1. Holistic Coaching Philosophy:

To address the emphasis placed by traditional sport cultures on athlete toughness, coaches adopted more holistic coaching philosophies that minimized the importance of performance and winning. This was achieved through a demonstrated focus on athlete wellness through the prioritization of such elements as recovery, nutrition, and sleep. Further, coaches encouraged athletes to strive for balanced lifestyles since they found this helped improve athletes’ general subjective wellbeing, which in turn often enhanced performance abilities.

2. Invest in Coach-Athlete Relationships:

Minimizing power differentials between athletes and coaches involved developing open and honest coach-athlete relationships. Integral to the development of such relationships was coaches verbally communicating to athletes that in some instances, help-seeking may require the athlete to temporarily step away from sport. Coaches stressed, however, that upon return, the athlete would be afforded an opportunity to earn their position again. In addition, coaches discussed the benefit of scheduling regular meetings with their athletes to help build stronger relationships. One coach explained:

To make sure we get to know the athletes, we have a lot of one-on-one meetings. In these meetings, we don’t just talk about what their athletic goals are, we talk about what other life goals they have moving forward. Whether those goals are related to school or their personal lives.

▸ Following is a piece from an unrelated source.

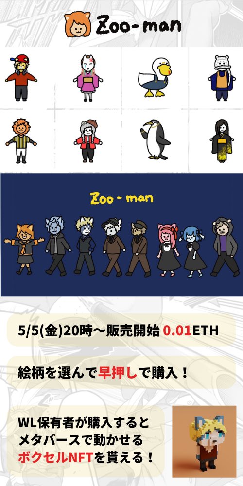 【漫画×NFTのリリース方法】 Zoo-manの漫画公開スケジュール(全員無料で読めます)と希望者へのNFT販売について仕様確定しました! ▶︎ note.com/kazblog/n/nf5e… 購入希望フォームも、記事内に記載しております✍️ 初めてZoo-manを知った方も大歓迎です☺️✨

3. Addressing Team Hierarchies:

Coaches were successful at reducing the negative impacts that team hierarchies can have on athlete disclosures of distress by employing the following techniques:

4. Observational Learning:

Overcoming athletes’ previous negative experiences with disclosure was a slow process that was best achieved through observational learning. This meant that coaches made conscious efforts to respond positively when addressing any concerns brought to them by their athletes. Over time, athletes who had previous negative experiences with disclosure observed these positive coach-athlete interactions and learned that it is acceptable to bring distress to the coach. A coach explained an instance of this method:

The athlete felt comfortable disclosing their distress to me because there were other student-athletes who had experienced some distressing issues and we had done all we could to help them. So, I think it was through the observations that the athlete perceived there was a genuine caring about them as a human being and they chose to come forward.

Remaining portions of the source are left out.